--- MATERIAL SUPPLIED Enclosed Below ---

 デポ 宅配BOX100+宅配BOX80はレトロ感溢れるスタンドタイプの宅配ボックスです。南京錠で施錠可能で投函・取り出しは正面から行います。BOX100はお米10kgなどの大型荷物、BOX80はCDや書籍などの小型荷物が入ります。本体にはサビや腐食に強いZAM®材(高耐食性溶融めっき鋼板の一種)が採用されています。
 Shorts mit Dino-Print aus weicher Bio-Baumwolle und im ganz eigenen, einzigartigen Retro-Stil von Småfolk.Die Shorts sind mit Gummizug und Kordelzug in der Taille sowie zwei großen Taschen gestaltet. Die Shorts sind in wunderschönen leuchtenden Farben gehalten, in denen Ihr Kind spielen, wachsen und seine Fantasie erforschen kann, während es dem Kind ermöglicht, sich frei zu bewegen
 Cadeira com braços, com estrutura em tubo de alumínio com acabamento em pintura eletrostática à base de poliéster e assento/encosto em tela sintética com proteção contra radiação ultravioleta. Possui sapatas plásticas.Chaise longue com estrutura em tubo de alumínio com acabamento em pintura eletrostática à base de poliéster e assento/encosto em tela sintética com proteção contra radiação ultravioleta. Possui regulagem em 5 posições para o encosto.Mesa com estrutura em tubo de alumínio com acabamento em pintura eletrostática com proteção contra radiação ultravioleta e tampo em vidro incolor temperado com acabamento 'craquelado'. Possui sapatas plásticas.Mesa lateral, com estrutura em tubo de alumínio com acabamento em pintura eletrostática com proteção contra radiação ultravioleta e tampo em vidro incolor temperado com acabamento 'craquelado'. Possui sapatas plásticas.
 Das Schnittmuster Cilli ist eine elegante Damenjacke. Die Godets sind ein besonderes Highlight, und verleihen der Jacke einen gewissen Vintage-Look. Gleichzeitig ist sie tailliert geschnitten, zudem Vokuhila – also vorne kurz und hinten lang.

--- End of Enclosed MATERIAL SUPPLIED ---
--- MATERIAL SUPPLIED Enclosed Below ---

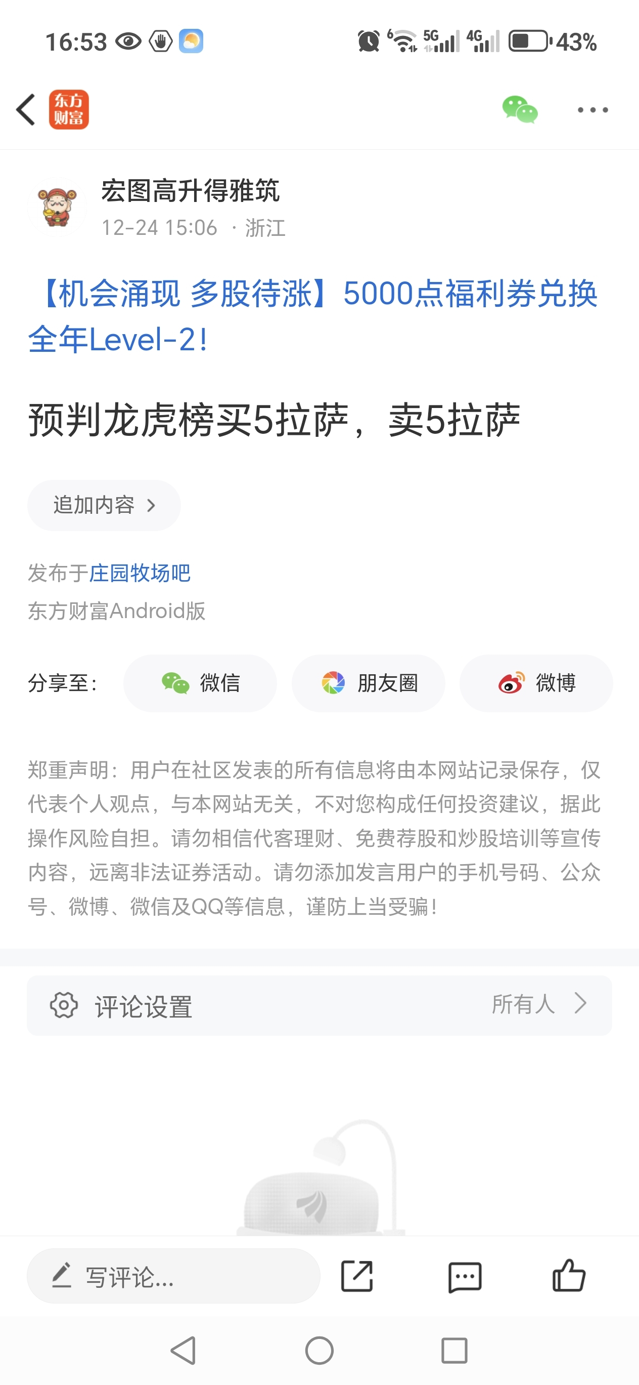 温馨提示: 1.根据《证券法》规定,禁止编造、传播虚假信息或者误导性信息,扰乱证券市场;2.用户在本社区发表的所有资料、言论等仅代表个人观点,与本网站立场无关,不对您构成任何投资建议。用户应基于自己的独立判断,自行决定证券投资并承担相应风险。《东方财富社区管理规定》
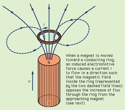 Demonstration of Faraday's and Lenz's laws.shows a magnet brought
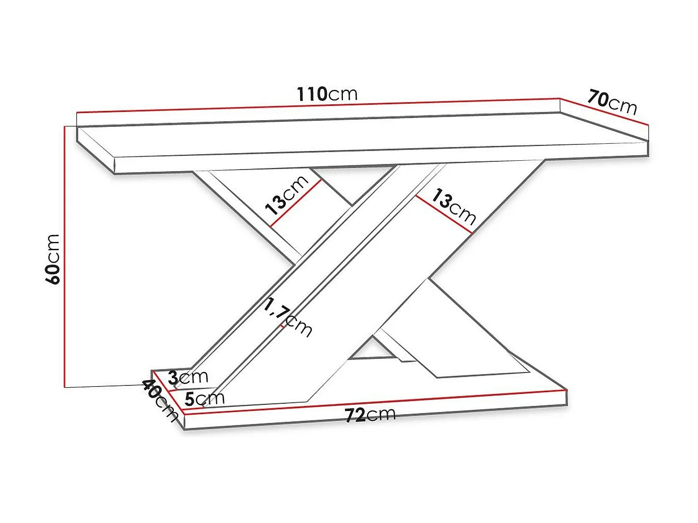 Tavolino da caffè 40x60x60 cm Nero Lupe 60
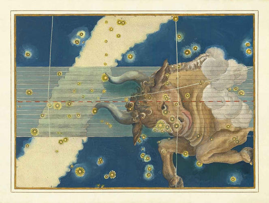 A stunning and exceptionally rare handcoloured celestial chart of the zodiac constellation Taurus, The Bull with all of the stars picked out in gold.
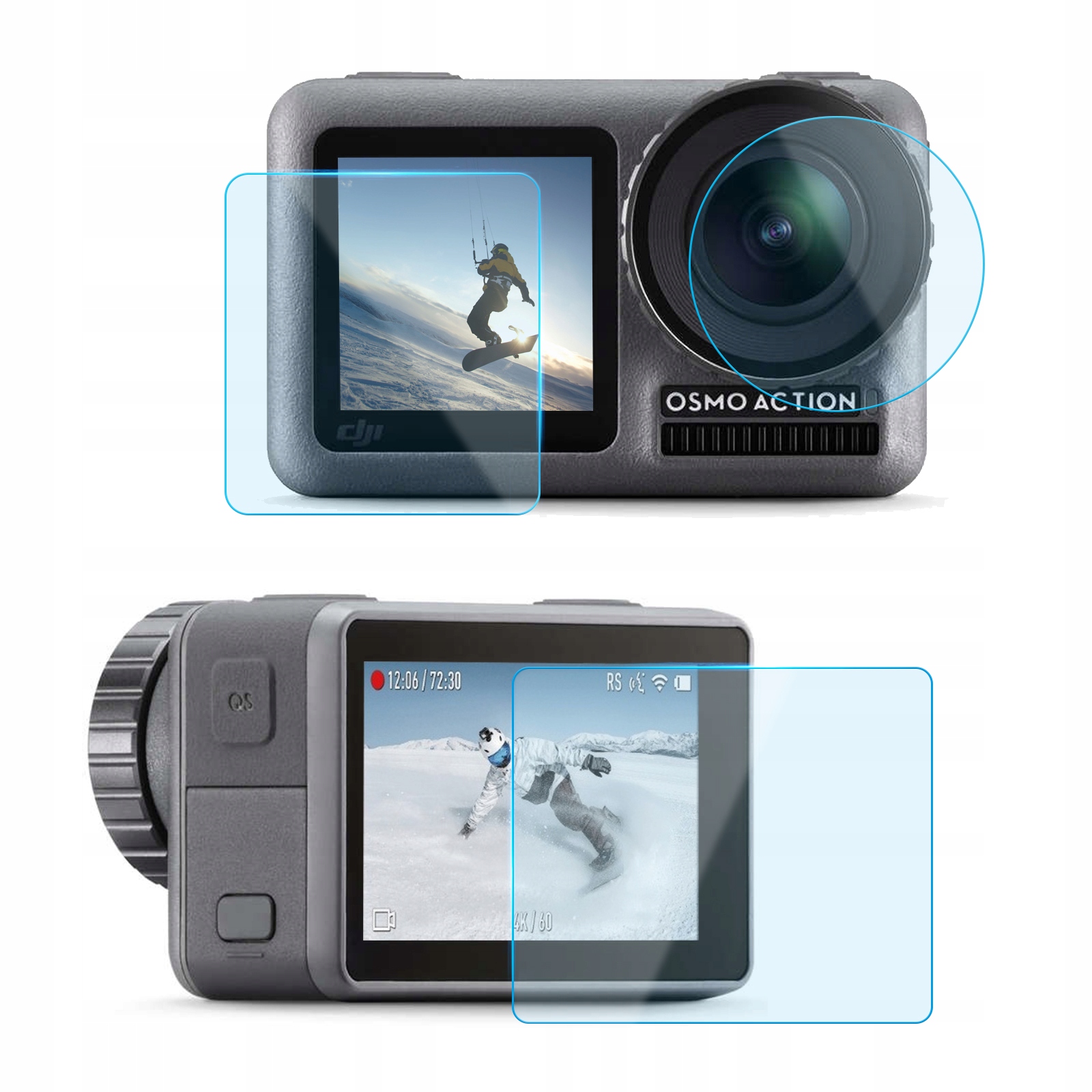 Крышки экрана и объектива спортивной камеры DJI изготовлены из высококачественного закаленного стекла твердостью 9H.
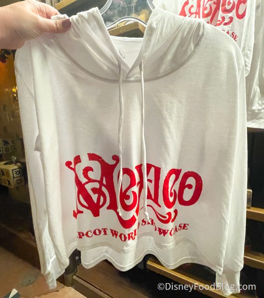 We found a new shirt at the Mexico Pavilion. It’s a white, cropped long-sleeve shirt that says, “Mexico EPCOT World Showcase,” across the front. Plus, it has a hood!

--- End of Enclosed MATERIAL SUPPLIED ---
--- MATERIAL SUPPLIED Enclosed Below ---

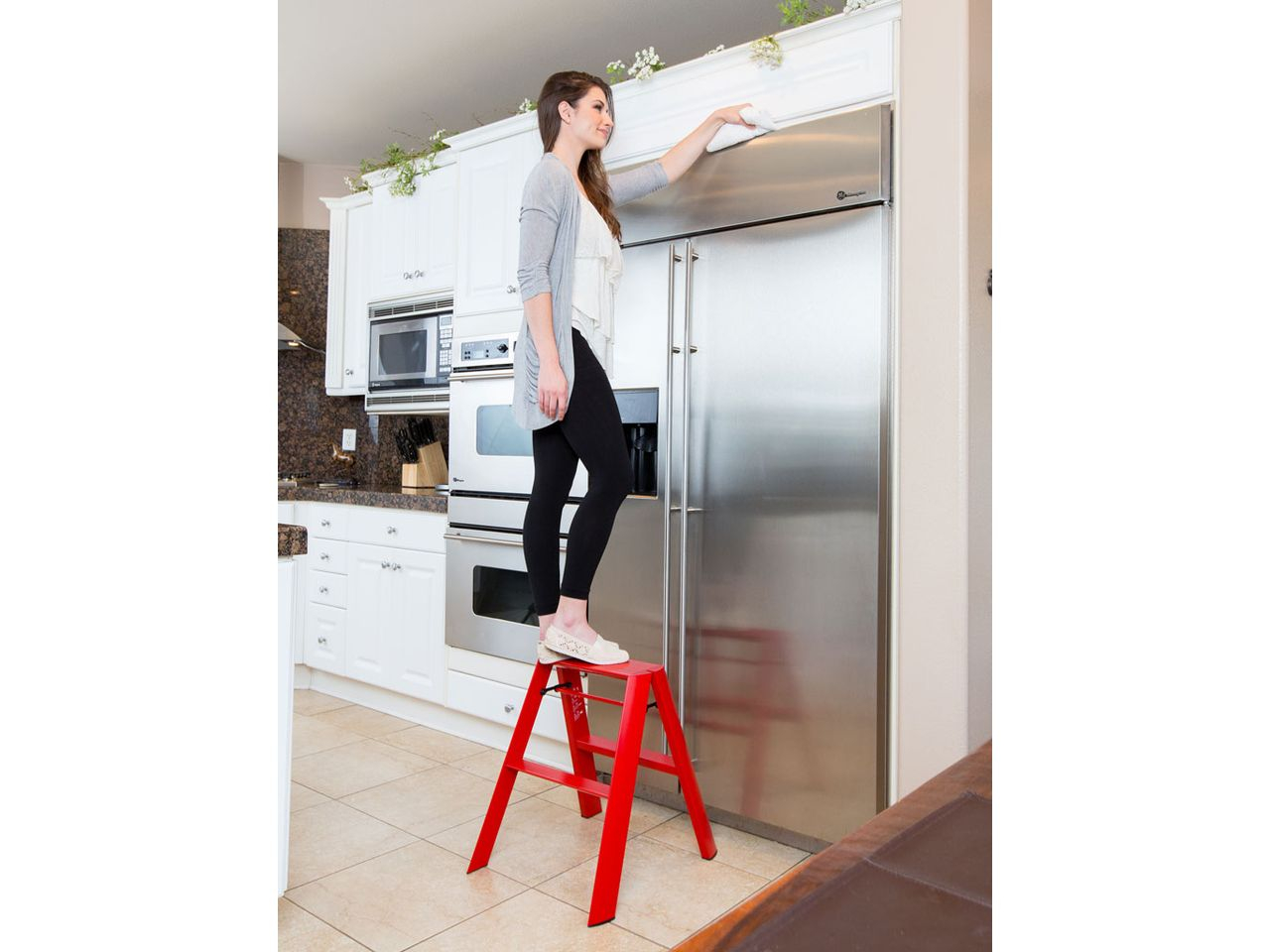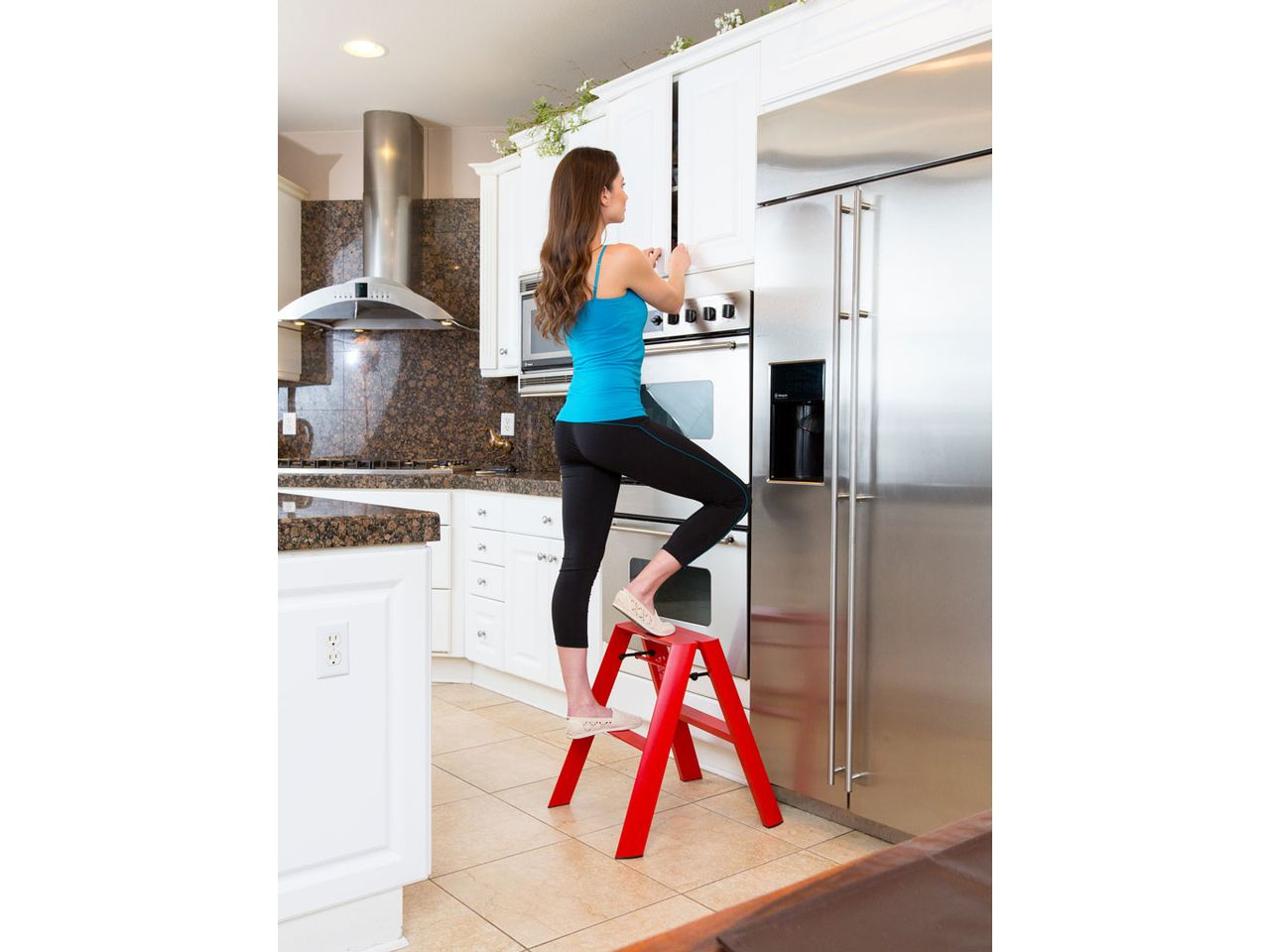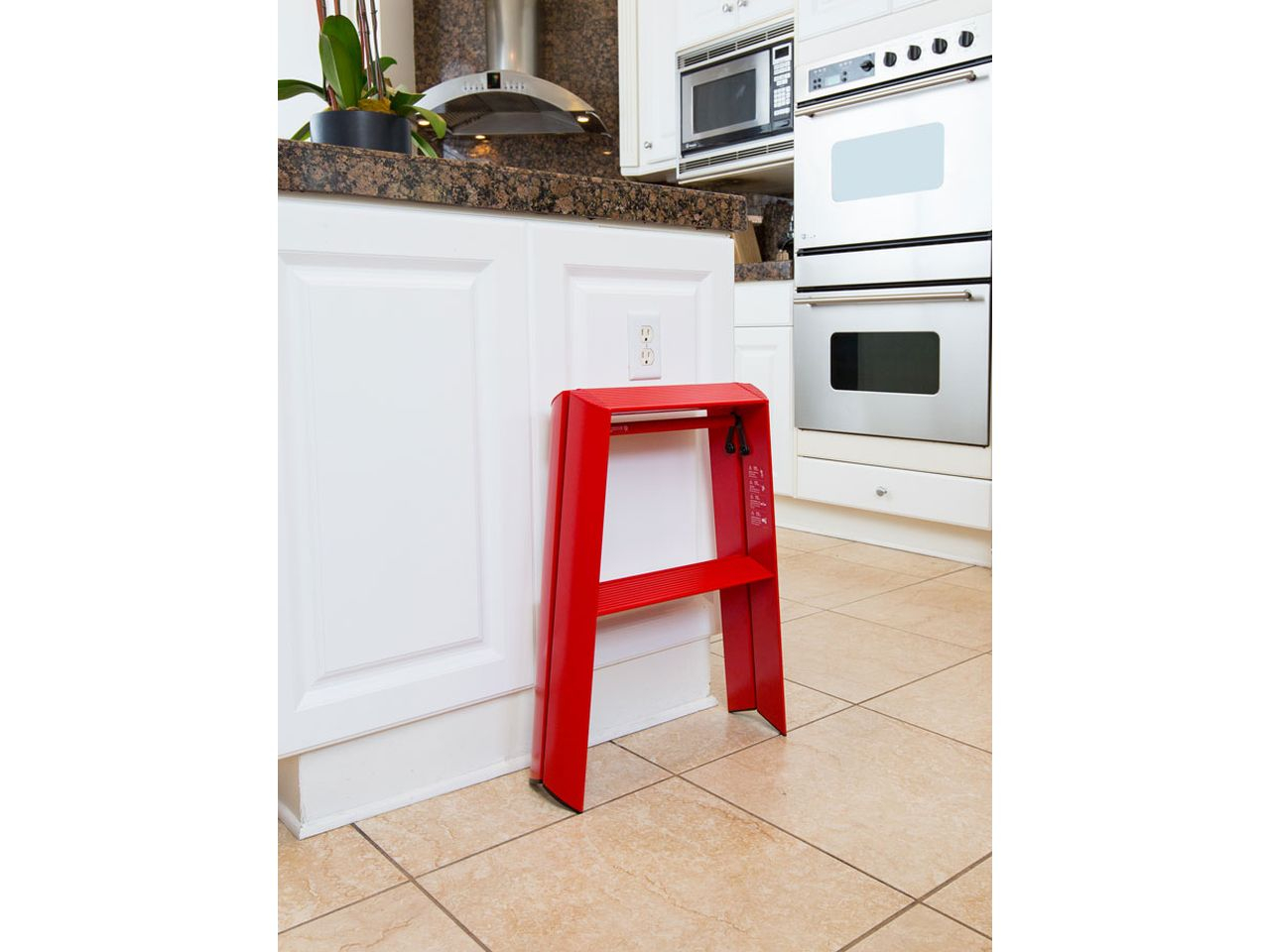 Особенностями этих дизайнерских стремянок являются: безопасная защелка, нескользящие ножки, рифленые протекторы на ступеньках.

--- End of Enclosed MATERIAL SUPPLIED ---

▸ TASK DETAILS
Take the entries above and return only the lines from the one with "デポ 宅配BOX100+宅配" to the one with "Cadeira com braços, com", both included, unchanged.

▸ OUTPUT FOR THIS TASK
 デポ 宅配BOX100+宅配BOX80はレトロ感溢れるスタンドタイプの宅配ボックスです。南京錠で施錠可能で投函・取り出しは正面から行います。BOX100はお米10kgなどの大型荷物、BOX80はCDや書籍などの小型荷物が入ります。本体にはサビや腐食に強いZAM®材(高耐食性溶融めっき鋼板の一種)が採用されています。
 Shorts mit Dino-Print aus weicher Bio-Baumwolle und im ganz eigenen, einzigartigen Retro-Stil von Småfolk.Die Shorts sind mit Gummizug und Kordelzug in der Taille sowie zwei großen Taschen gestaltet. Die Shorts sind in wunderschönen leuchtenden Farben gehalten, in denen Ihr Kind spielen, wachsen und seine Fantasie erforschen kann, während es dem Kind ermöglicht, sich frei zu bewegen
 Cadeira com braços, com estrutura em tubo de alumínio com acabamento em pintura eletrostática à base de poliéster e assento/encosto em tela sintética com proteção contra radiação ultravioleta. Possui sapatas plásticas.Chaise longue com estrutura em tubo de alumínio com acabamento em pintura eletrostática à base de poliéster e assento/encosto em tela sintética com proteção contra radiação ultravioleta. Possui regulagem em 5 posições para o encosto.Mesa com estrutura em tubo de alumínio com acabamento em pintura eletrostática com proteção contra radiação ultravioleta e tampo em vidro incolor temperado com acabamento 'craquelado'. Possui sapatas plásticas.Mesa lateral, com estrutura em tubo de alumínio com acabamento em pintura eletrostática com proteção contra radiação ultravioleta e tampo em vidro incolor temperado com acabamento 'craquelado'. Possui sapatas plásticas.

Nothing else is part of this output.